4. Why do we have different feeding recommendations for different cats instead of a full meal as soon as possible for all cats?

Maintaining a normal blood glucose (sugar) is an important factor for recovering from anesthesia and surgery. Kittens and cats that are thin have smaller fat reserves and less energy stored in the liver. Thus, they may have difficulty keeping their blood glucose in the normal range. These kittens and cats are also at risk for low body temperature, so besides having less energy available, they may also require more energy to try to maintain their own body temperature. Shivering is nature’s way to create body heat, but it uses lots of energy. For these two main reasons, we try to avoid a kitten or cat experiencing low blood sugar by getting food into them as early as it is safe to feed them

There are risks with feeding any animal soon after surgery. Anesthesia slows down and sometimes stops the intestine from moving, so eating before the intestines can move might cause colic (stomach ache) or vomiting. To make matters worse, if a cat vomits that is still a bit drowsy, then it can inhale or aspirate its vomit. This can cause serious respiratory problems and death. Adult cats that have no risk of low blood sugar should not be fed until they are fully awake in order to avoid the complications that might be seen from feeding soon after surgery.

5. What factors do we consider when advising a caretaker when to release a cat?

In the perfect world, all cats would have homes. In the almost perfect world, all homeless cats would have a week in a warm, safe location to recover from surgery. In the real world, we strive for the best and take what we can get.

The most important consideration for releasing a cat is that the anesthesia has completely worn off, so that the cat is coordinated, can find its territory, food and shelter and can protect itself, if needed.

Human factors present many of the obstacles for holding cats. Most people do not have the facilities to house free-roaming cats in traps or carriers for more than a day or two after surgery. If we were to require that cats be held for a week after surgery, many people would not trap at all and the cats would be left free-roaming, unaltered.

In private practice, pet cats are sent home the day after surgery. Most are free to run around, go outside, climb, jump and be a cat. For the free-roaming cats, releasing the day after surgery is pretty realistic. The insecurity of doing this seems to emanate from the concern of, what if there is a complication?
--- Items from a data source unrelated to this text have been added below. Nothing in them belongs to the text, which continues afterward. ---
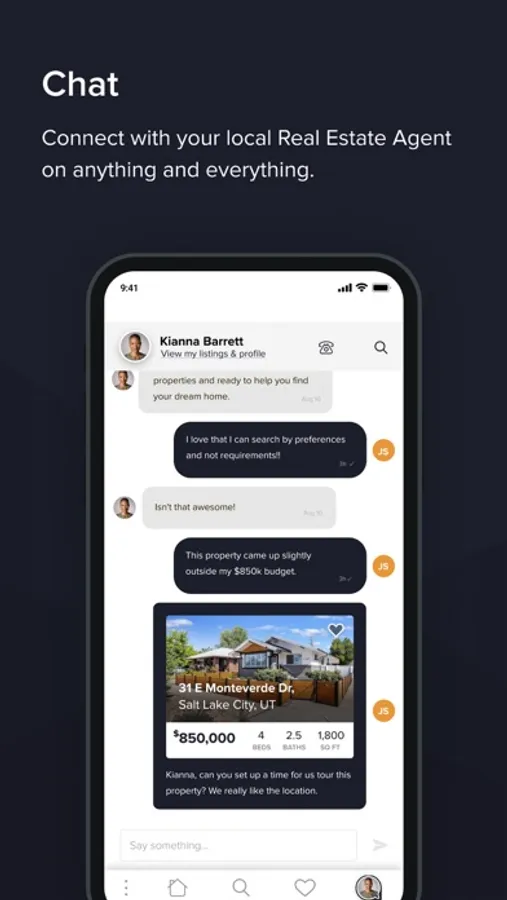 My Favorites: View saved searches and suggested homes with ease and connect with your agent for any questions.
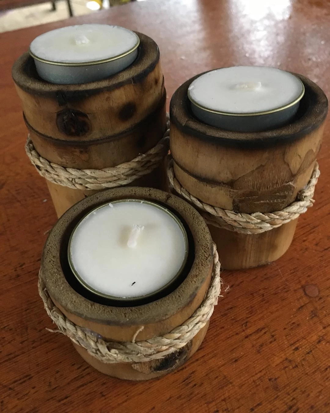 Reinvente a atmosfera do seu ambiente com porta-velas de bambu. Esse conceito, além de inovador, exala sofisticação, pois a suavidade da chama da vela contrasta com a solidez do bambu, resultando em um objeto decorativo que transmite calma e aconchego.
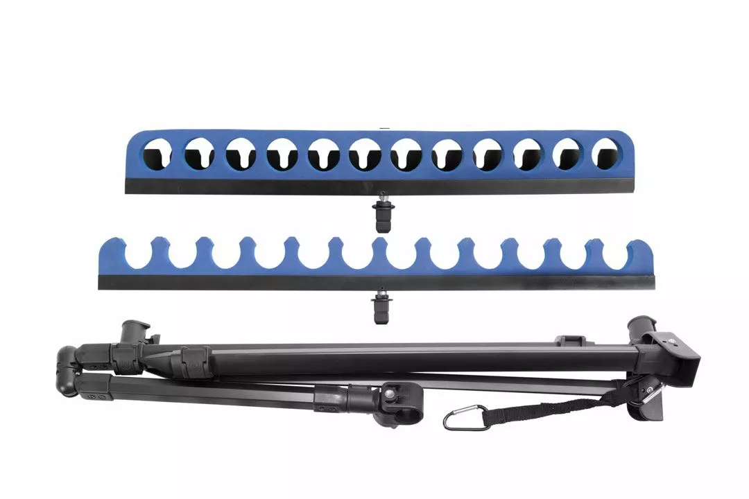- The length and height are both adjustable by using the Quick Release Cams and also included as standard is an adjustable stability strap which is designed to clip on to a heavy weight such as a groundbait bucket, this extra support gives you additional peace of mind in extreme weather conditions. Supplied in a padded carry case as standard and compatible with leg profiles up to 36mm in diameter.

If a pet cat has a complication, then it is likely in a household that will notice the problem and seek out veterinary care, if needed. If a free-roaming cat is released and has a complication, then the caretaker may not notice it, especially if the cat does not return to eat for a day or two. The most likely complications are low appetite and low energy; these usually resolve on their own. Serious complications are rarely seen.

If inclement weather is expected, then it makes sense to hold cats until the worst is past. Our climate is fairly mild compared to other regions of the country. We get little or no snow in the winter. We do not experience hard freezing weather. If cats shelter from the wind and wetness, whether it is their own or manmade, then they survive through the weather as do the local squirrels, raccoons and other urban wildlife.
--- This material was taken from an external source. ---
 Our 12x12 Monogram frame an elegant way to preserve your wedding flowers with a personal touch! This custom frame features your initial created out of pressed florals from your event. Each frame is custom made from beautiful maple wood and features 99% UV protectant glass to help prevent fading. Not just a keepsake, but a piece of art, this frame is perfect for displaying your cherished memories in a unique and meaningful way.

Our surgeon is very talented and knowledgeable. The spay incisions are typically no longer than 1 to 2 centimeters. Surgery time is typically under 7-8 minutes. Recovery from surgery is simpler and less complicated with high quality surgery.
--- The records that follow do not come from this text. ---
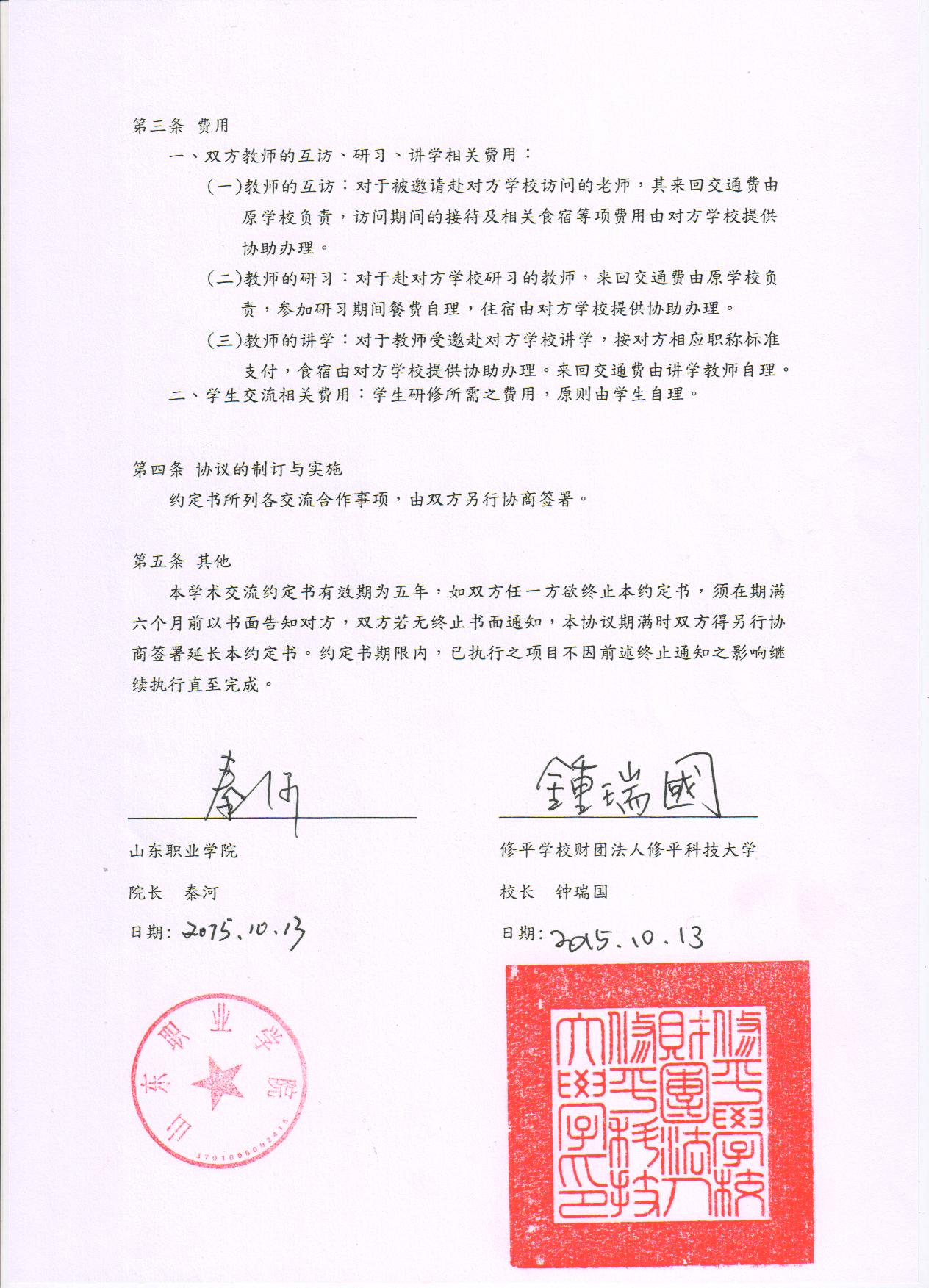 山東(dong)職(zhi)業學(xue)院與修平科技大學(xue)學(xue)術(shu)交流約(yue)定書
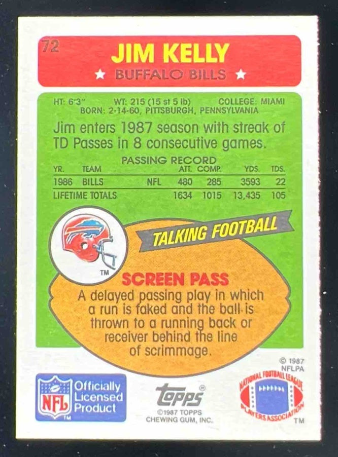 1987 Topps American #72 Jim Kelly RC
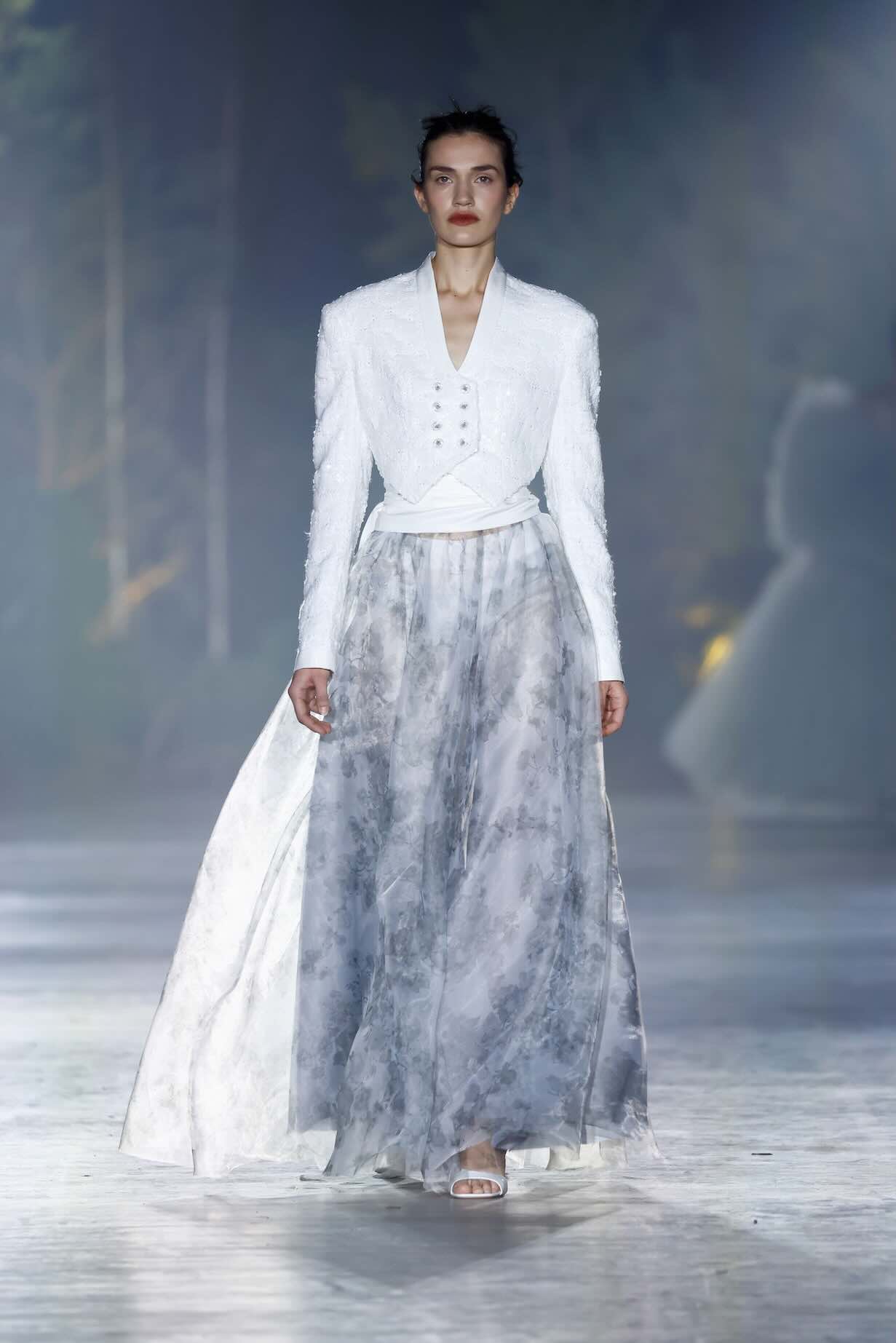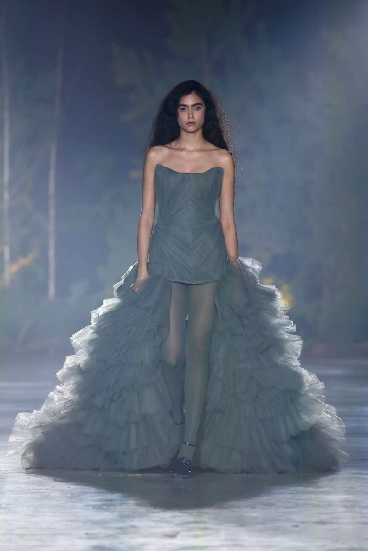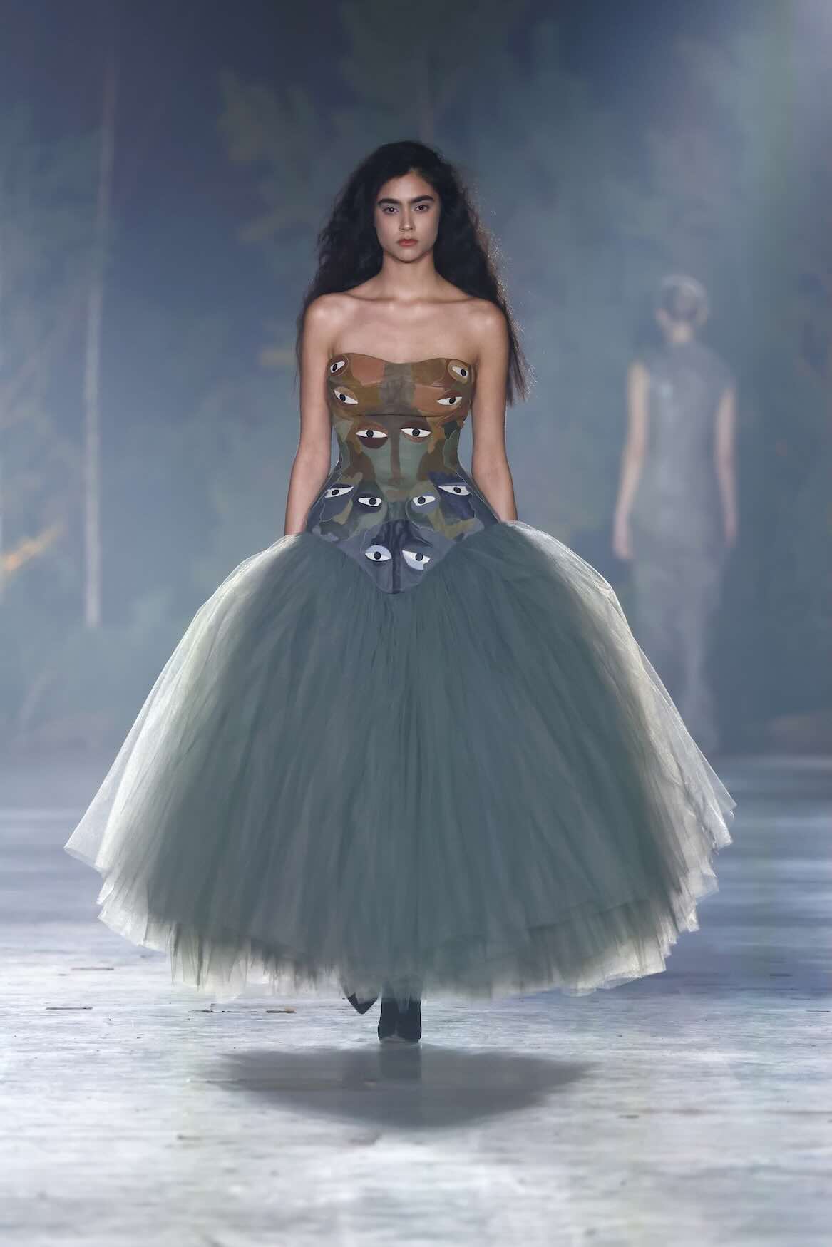 Im Fokus steht die Materialität: Tüll, transparente Stoffe sowie recycelte und Deadstock-Textilien verschmelzen zu vielschichtigen Oberflächen mit Tiefe und Charakter. Einzelne Silhouetten wirken bewusst organisch – nicht streng konstruiert, sondern wie gewachsen. Großzügige Tüllvolumen und ausladende Rüschen erzeugen Bewegung und Leichtigkeit, während präzise Schnitte die Balance halten.

6. Which cats are most at risk after discharge?

Cats that are less awake after surgery are at higher risk for problems than cats that are more fully awake. Especially if sleepy cats are not kept warm, then their ability to wake up from anesthesia is impaired. Any cats that have difficulty staying warm are at higher risk, as well. This includes kittens, thin adults and cats that became cold during surgery, namely, later term pregnant cats. Cats that were not in great condition prior to surgery are cats that we worry about more than robust, thriving cats.